ある方が、仏教は暗いからイヤだというようなことを
口にされていた。そういわれてみると、たしかに抹香臭い
ところや古ぼけた寺院のたたずまいなど、その印象は
うなづける。

また、やたら死とか病気とか言うんだよね、という意見もある。
ほんとうに嫌がられている理由は、この死のことをあからさまに
語る部分なのかもしれない。

著名な宗教学者の友松圓諦氏の著書に、こんな記述がある。
総体的な話で、キリスト教などの西欧の宗教は、
生命の生誕や強さを礼賛するところがある。
したがって、誕生日とか結婚記念日とかの「始まり」を
祝う習慣は、西欧流の考え方である。
もともと日本では盛んではなかったということだ。

また反面、死を忌み嫌っている気配がある。
そればかりか死者はいずれよみがえるということで、
火葬にしないというようなことも行われている。
死後の世界、霊魂不滅などのこと語るに熱心なのも、
ある意味で現世の継続を望んでいる傾向なのだろう。

友松圓諦氏が海外に滞在したとき、宿泊先の老婆に、
あなたの国の宗教はどのようなものかと問われた。
そこで仏教の話をし、死の問題に触れると、
とたんに顔色が変わり、耳をふさいで、
どうかその話はやめてほしい、
死の話をしないでほしいと懇願された。

生の明るい部分に光を当てて生きている感じがあるのだよね。
確かにドイツを旅したとき、片田舎の教会の中が、
とても優美で豪華、息を呑むほど美しく装飾されていた。
線香くさい古い寺院の中とは正反対だ。

死の世界を見ないように感じないように生きるその姿勢は、
光ばかりを求めて暗がりや陰を恐れるという
傾向につながる。

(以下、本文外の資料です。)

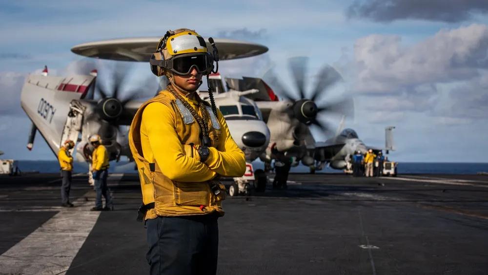 2026年1月5日,隶属于美军第87攻击战斗机中队的舰载机,在加勒比海航行时,滑行在福特级航空母舰杰拉尔德·R·福特号(CVN 78)的进行飞行训练。美军部署到加勒比地区,支持美国南方司令部的任务、战争部指挥的行动,保护国土的优先事项。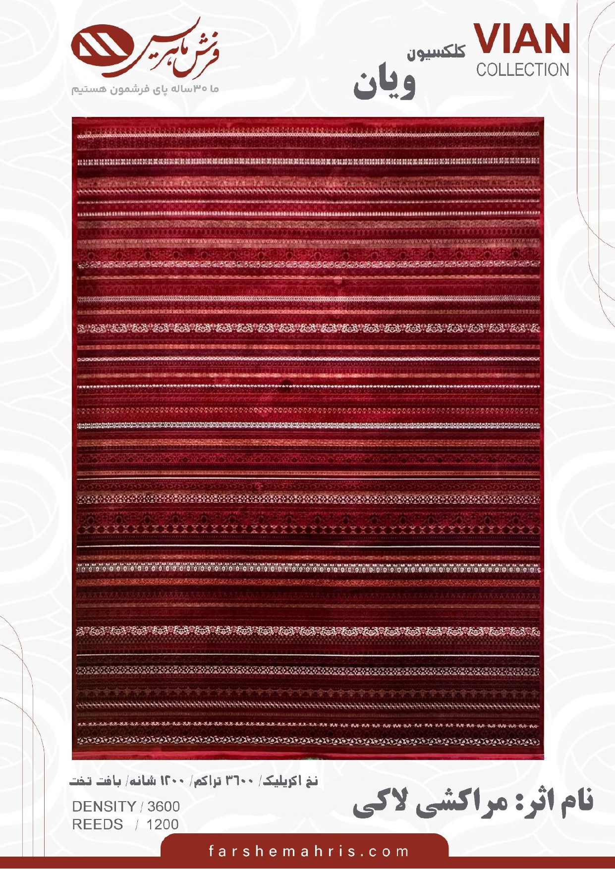 فرش ماشینی مدل ویان نام اثر مراکشی لاکی با طرح زیبا و دل انگیز خود به خانه شما اصالتی از هنر ایرانی و فرهنگی اصیل داده و زیبایی آنرا نیز چند برابر می کند .

その観点から眺めれば、
仏教はまさに暗く気持ち悪く、
まさに魔教のような趣に見えるのだろう。

生命が尽きてしまうことに疑念の余地はない。
だから霊魂不滅であり、来世は天国に行き、
そこで明るく楽しく永遠のいのちを得るのだという
信仰が自然と形成されていったという見方もありうる。

仏教そのものが暗いのではなく、暗いと感じさせるのは、
死を暗く忌むべきものとする死生観から導かれている。
仏教はこの問題を真正面から捉えているので、
暗い死生観と同一視されてしまうのではないかな。

友松圓諦氏の著書から引用されていただく。

『釈尊がお亡くなりになりますひと月ばかり前に
毘舎離という町に行かれましたが、さてこの町の
門を出ようとされたとき、体を右にめぐらせて、
毘舎離をもういっぺん見返られた。そうして、
 「美しいかな毘舎離の町よ、
  美しいかな毘舎離の土地よ」
と自然を謳歌されたということがお経に書いてありますが、
釈尊の境地においても、人間に起こる自然の気持、
生きるよろこび、そういった気持ちはおたがいによくわかることです。』

      『法句経講義』 p.87 より


(2016-04-23 SNS日記より)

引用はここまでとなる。